Bring Back Reagan
The future of an airport.

By John J. Miller & Ramesh Ponnuru
September 17, 2001 2:50 p.m.

 

fter a 1983 terrorist attack on the Marine barracks in Lebanon left 241 soldiers dead and 105 injured, President Reagan insisted that the United States wouldn't back down: "We must be more determined than ever that [terrorists] cannot take over that vital and strategic part of the earth or, for that matter, any other part of the earth."

What a shame if the airport named after that president were to shut down in the wake of last Tuesday's attacks. Ronald Reagan Washington National Airport remains closed today; it looks like a 21st-century ghost town. There are some suggestions that it may not open for commercial air travel ever again.

The reason is its proximity to Washington, D.C. As anybody who has taken off to the north knows, some of the most spectacular views of the national capital may be had by people sitting in window seats on the side of the plane facing eastward. Just as it probably won't be possible for a long time to look at jumbo jets and not think of aerial terrorism, it may not be possible to take in that city scene and not think about Osama bin Laden's wish list of destruction.

Yet there are some practical points to be made here. None of the hijacked planes left from Reagan National. The one that crashed into the Pentagon departed from Washington Dulles International Airport, which lies outside the Beltway in Virginia and serves the D.C. metropolitan area. The plane that was reportedly intended to slam into the Capitol, before plunging into the Pennsylvania countryside, left from Newark, N.J. For some reason, these terrorists skipped over Reagan National.

If an airport in D.C. deserves to be boarded up, why not Dulles — the one that's close enough to pose a significant threat but far enough to let a plane gain some deadly speed and altitude? From right across the Potomac, a plane flying from Reagan National may not have enough momentum to inflict maximum damage or enough space to maneuver with much precision. Besides, hijackers presumably need some time to do their hijacking, which they prefer to do airborne. A takeoff from Washington, D.C., would be out of sight before that could happen.

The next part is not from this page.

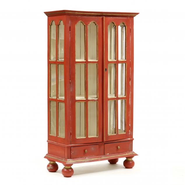Late 20th century, one part form, all over red paint with gilt highlights, two hinged doors with six window lights each, white painted shelved interior, glazed panel sides, two lower drawers on bold turned wood feet.

If proximity really is the problem, though, how many other cities have airports near prime terrorist targets? New York's LaGuardia certainly comes to mind. Perhaps Washington, D.C., is uniquely vulnerable because it is the seat of our government. And so perhaps it should become the most secure airport in the country — armed guards patrolling the concourses, marshals on the flights, and every employee a U.S. citizen.

The most compelling reason to re-open Reagan National, though, concerns symbolism. Following the Oklahoma City bombing in 1995, the Secret Service convinced President Clinton to block off Pennsylvania Avenue in front of the White House. That decision undermined the spirit of democracy by turning the executive mansion into more of a bunker than it already was. It also seemed possible to reverse: In an interview with NR last year, candidate Bush said he favored re-opening it.

Now everything shifts to Reagan National — the Pennsylvania Avenue of this latest terrorist attack. The irony of President Reagan's words in 1983 — "We must be more determined than ever that [terrorists] cannot take over that vital and strategic part of the earth or, for that matter, any other part of the earth" — is that they turned out not to be true: The United States soon pulled out of Lebanon entirely.

The terrorists already have taken too much from us. Let's not abandon Reagan National Airport, too.